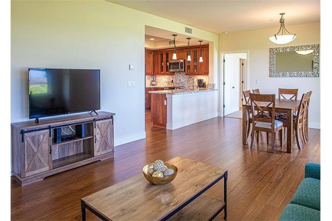 You'll have your own private, ground-floor balcony with a table and six chairs, featuring views of the golf course as well as ocean and mountain views.
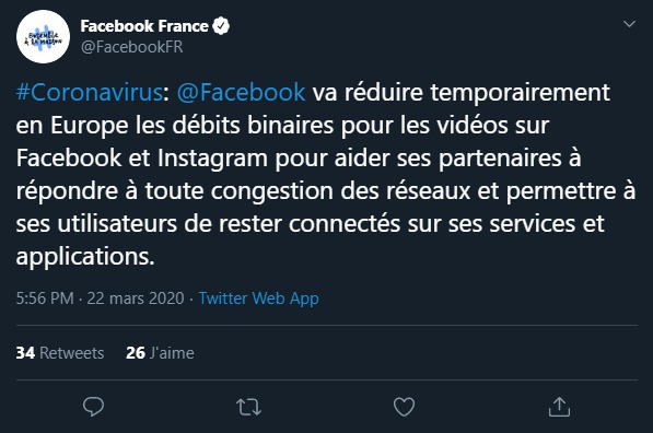 Dans un communiqué Facebook explique : « Pour aider à limiter toute congestion potentielle du réseau, nous allons réduire temporairement les débits binaires pour les vidéos sur Facebook et Instagram en Europe ».
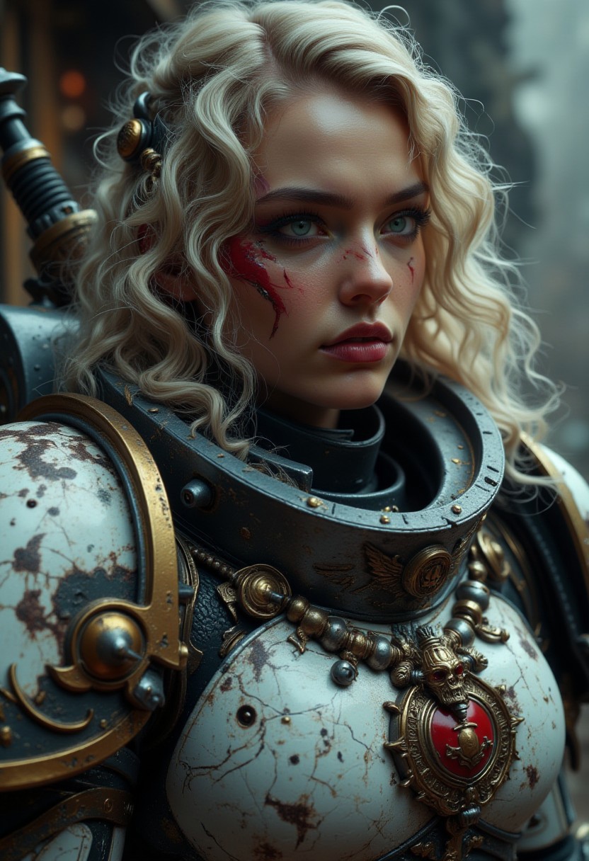 cinematic film still, close up, female WhiteS40K holding a sword, clad in power armor. long blonde hair, with rich, vibrant colors and meticulous textures for her power armor, vignette, highly detailed, bokeh, moody, epic, film grain, grainy
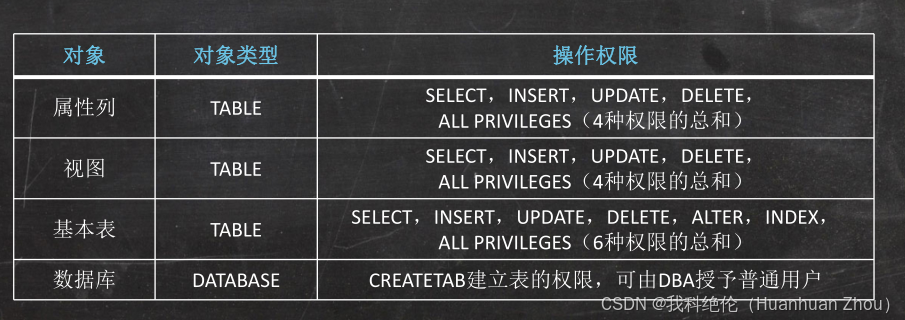 授权(GRANT)语句格式: GRANT 权限 ON TABLE/DATABASE 表名/数据库名 TO 用户1,用户2… /PUBLIC[WITH GRANT OPTION];PUBLIC:表示将权限授予所有人WITH GRANT OPTION:表示获得了这个权限的用户还可以将权限赋给其他用户。
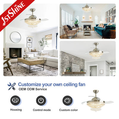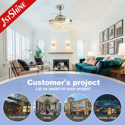 2Oświetlenie kryształowe: Kiedy światło jest włączone, blask wyciągalnego wentylatora sufitowego naprawdę świeci.Światło przechodzące przez kryształ pod osłoną lampy odbija się w wspaniałe i urzekające oświetlenie, rzucając hipnotyzujący blask, który zachwyca pokój.
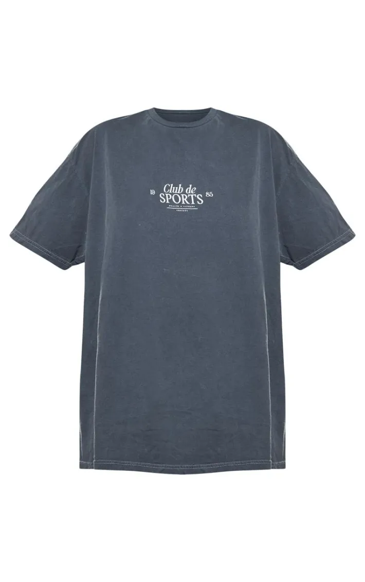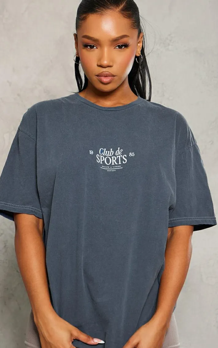 This charcoal grey club sports Graphic oversized t-shirt is a must-have for your off-duty wardrobe. Made with a soft charcoal grey fabric, an oversized t-shirt fit and featuring a ‘Club de Sports’ Graphic, we are obsessed. Pair with some seamless rib shorts, your fave sneakers and hoop earrings for the ultimate athleisure ‘fit
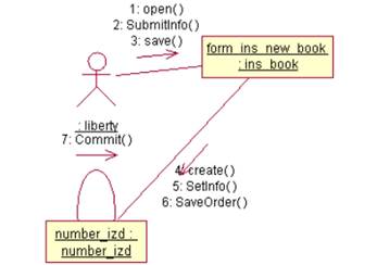 Создать диаграммы сотрудничества, привести и описать диаграмму сотрудничества для одного из прецедентов информационной системы учебной библиотеки.
☆ ☆ ☆ ☆
• [Exercise] For this answer, retype the lines from the start of the listing through the line that holds "Dans un communiqué", inclusive, exactly and without pictures.

• [Result for this exercise]
 You'll have your own private, ground-floor balcony with a table and six chairs, featuring views of the golf course as well as ocean and mountain views.
 Dans un communiqué Facebook explique : « Pour aider à limiter toute congestion potentielle du réseau, nous allons réduire temporairement les débits binaires pour les vidéos sur Facebook et Instagram en Europe ».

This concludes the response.